* [Task statement] Set down all of the entries word for word, omitting the images they contain.

* [Extracted records]
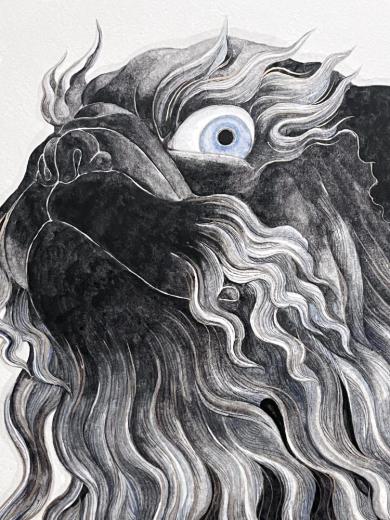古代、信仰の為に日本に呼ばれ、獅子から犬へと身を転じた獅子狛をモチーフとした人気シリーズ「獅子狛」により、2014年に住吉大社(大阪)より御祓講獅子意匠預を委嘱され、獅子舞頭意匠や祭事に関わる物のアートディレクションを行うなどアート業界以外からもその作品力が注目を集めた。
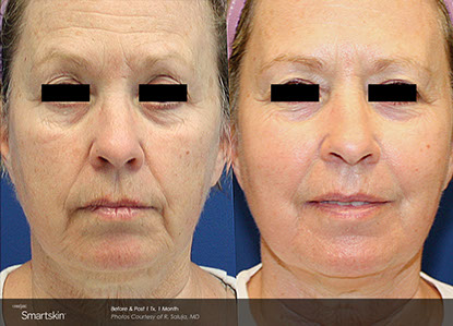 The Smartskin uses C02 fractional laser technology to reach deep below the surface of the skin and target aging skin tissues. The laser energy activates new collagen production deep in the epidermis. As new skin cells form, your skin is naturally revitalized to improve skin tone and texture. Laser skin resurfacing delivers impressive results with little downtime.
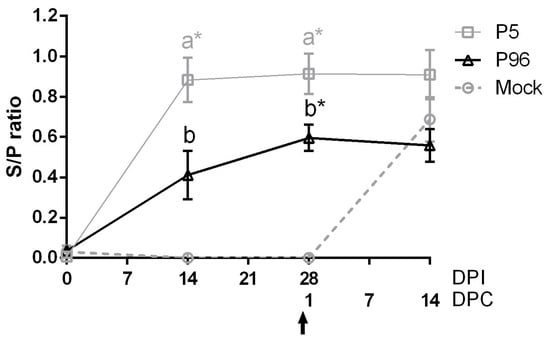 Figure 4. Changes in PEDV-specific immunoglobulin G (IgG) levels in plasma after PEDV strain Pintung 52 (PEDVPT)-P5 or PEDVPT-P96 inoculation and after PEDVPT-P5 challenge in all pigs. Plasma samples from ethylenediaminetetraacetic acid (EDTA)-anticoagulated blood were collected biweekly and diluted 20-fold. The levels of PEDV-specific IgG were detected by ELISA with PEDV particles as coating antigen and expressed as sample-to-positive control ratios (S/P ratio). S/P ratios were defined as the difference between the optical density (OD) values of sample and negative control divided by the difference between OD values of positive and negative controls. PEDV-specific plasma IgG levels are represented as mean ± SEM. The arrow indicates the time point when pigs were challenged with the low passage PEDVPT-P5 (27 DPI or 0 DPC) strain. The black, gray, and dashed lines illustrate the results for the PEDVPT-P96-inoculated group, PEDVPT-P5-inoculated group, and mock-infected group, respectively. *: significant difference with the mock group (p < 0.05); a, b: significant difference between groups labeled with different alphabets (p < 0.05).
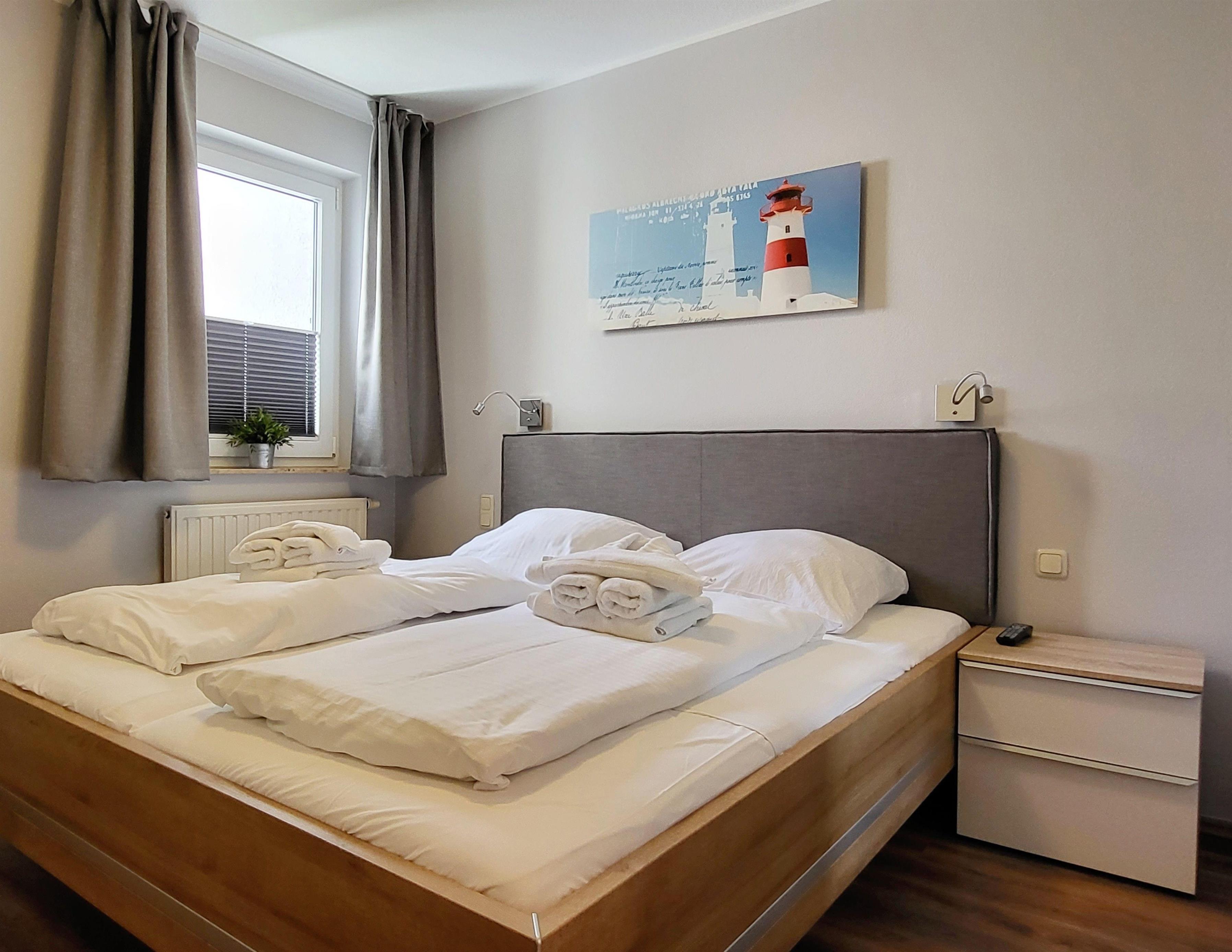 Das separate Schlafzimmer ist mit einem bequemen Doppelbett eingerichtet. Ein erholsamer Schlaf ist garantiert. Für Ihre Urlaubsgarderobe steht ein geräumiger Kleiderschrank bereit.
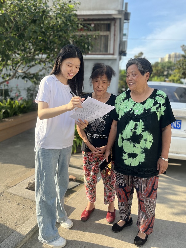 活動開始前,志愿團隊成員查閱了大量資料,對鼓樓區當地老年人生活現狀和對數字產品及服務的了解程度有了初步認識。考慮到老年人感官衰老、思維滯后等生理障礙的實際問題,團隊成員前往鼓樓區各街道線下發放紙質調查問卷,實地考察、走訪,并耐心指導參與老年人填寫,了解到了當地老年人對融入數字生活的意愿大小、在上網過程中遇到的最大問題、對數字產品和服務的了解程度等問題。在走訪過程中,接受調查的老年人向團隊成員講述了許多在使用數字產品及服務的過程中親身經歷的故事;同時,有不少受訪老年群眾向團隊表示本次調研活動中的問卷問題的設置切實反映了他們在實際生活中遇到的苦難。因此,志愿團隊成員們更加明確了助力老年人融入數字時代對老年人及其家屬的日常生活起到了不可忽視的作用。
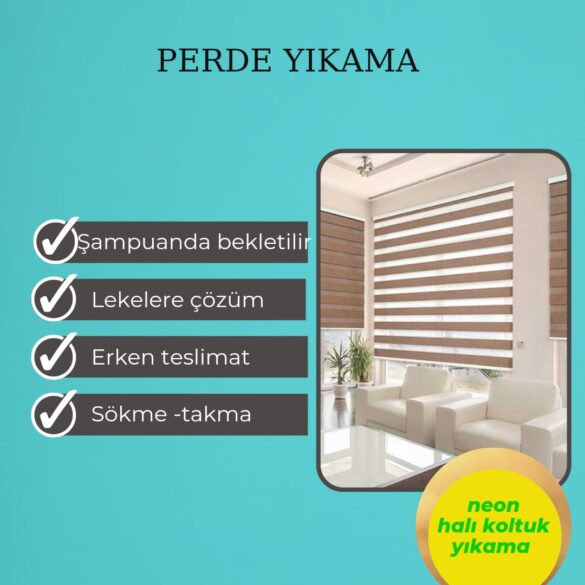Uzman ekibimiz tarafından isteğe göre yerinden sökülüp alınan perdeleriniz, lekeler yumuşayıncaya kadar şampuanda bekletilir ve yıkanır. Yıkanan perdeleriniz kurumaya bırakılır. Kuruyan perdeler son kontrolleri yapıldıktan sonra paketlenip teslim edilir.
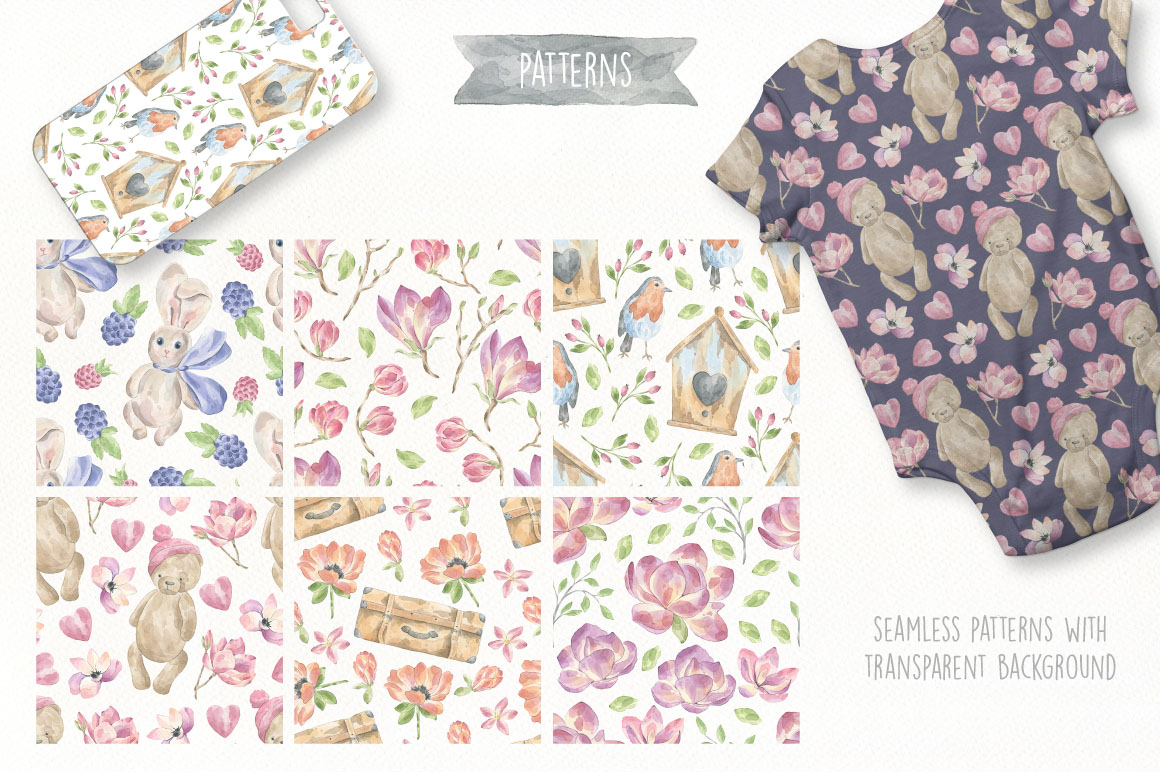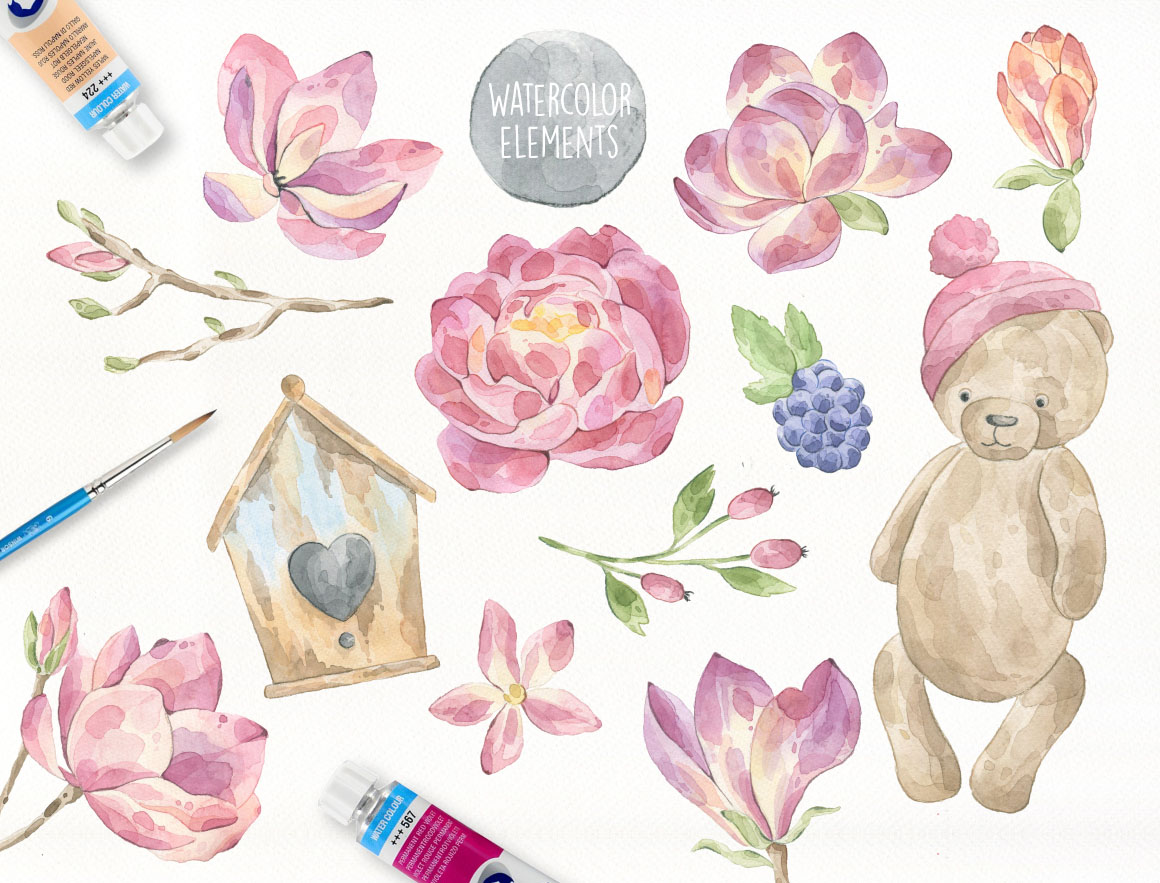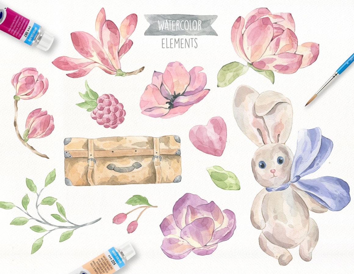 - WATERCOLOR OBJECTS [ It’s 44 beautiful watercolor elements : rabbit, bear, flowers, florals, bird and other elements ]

* [Exercise solution]
古代、信仰の為に日本に呼ばれ、獅子から犬へと身を転じた獅子狛をモチーフとした人気シリーズ「獅子狛」により、2014年に住吉大社(大阪)より御祓講獅子意匠預を委嘱され、獅子舞頭意匠や祭事に関わる物のアートディレクションを行うなどアート業界以外からもその作品力が注目を集めた。
 The Smartskin uses C02 fractional laser technology to reach deep below the surface of the skin and target aging skin tissues. The laser energy activates new collagen production deep in the epidermis. As new skin cells form, your skin is naturally revitalized to improve skin tone and texture. Laser skin resurfacing delivers impressive results with little downtime.
 Figure 4. Changes in PEDV-specific immunoglobulin G (IgG) levels in plasma after PEDV strain Pintung 52 (PEDVPT)-P5 or PEDVPT-P96 inoculation and after PEDVPT-P5 challenge in all pigs. Plasma samples from ethylenediaminetetraacetic acid (EDTA)-anticoagulated blood were collected biweekly and diluted 20-fold. The levels of PEDV-specific IgG were detected by ELISA with PEDV particles as coating antigen and expressed as sample-to-positive control ratios (S/P ratio). S/P ratios were defined as the difference between the optical density (OD) values of sample and negative control divided by the difference between OD values of positive and negative controls. PEDV-specific plasma IgG levels are represented as mean ± SEM. The arrow indicates the time point when pigs were challenged with the low passage PEDVPT-P5 (27 DPI or 0 DPC) strain. The black, gray, and dashed lines illustrate the results for the PEDVPT-P96-inoculated group, PEDVPT-P5-inoculated group, and mock-infected group, respectively. *: significant difference with the mock group (p < 0.05); a, b: significant difference between groups labeled with different alphabets (p < 0.05).
 Das separate Schlafzimmer ist mit einem bequemen Doppelbett eingerichtet. Ein erholsamer Schlaf ist garantiert. Für Ihre Urlaubsgarderobe steht ein geräumiger Kleiderschrank bereit.
 活動開始前,志愿團隊成員查閱了大量資料,對鼓樓區當地老年人生活現狀和對數字產品及服務的了解程度有了初步認識。考慮到老年人感官衰老、思維滯后等生理障礙的實際問題,團隊成員前往鼓樓區各街道線下發放紙質調查問卷,實地考察、走訪,并耐心指導參與老年人填寫,了解到了當地老年人對融入數字生活的意愿大小、在上網過程中遇到的最大問題、對數字產品和服務的了解程度等問題。在走訪過程中,接受調查的老年人向團隊成員講述了許多在使用數字產品及服務的過程中親身經歷的故事;同時,有不少受訪老年群眾向團隊表示本次調研活動中的問卷問題的設置切實反映了他們在實際生活中遇到的苦難。因此,志愿團隊成員們更加明確了助力老年人融入數字時代對老年人及其家屬的日常生活起到了不可忽視的作用。
Uzman ekibimiz tarafından isteğe göre yerinden sökülüp alınan perdeleriniz, lekeler yumuşayıncaya kadar şampuanda bekletilir ve yıkanır. Yıkanan perdeleriniz kurumaya bırakılır. Kuruyan perdeler son kontrolleri yapıldıktan sonra paketlenip teslim edilir.
 - WATERCOLOR OBJECTS [ It’s 44 beautiful watercolor elements : rabbit, bear, flowers, florals, bird and other elements ]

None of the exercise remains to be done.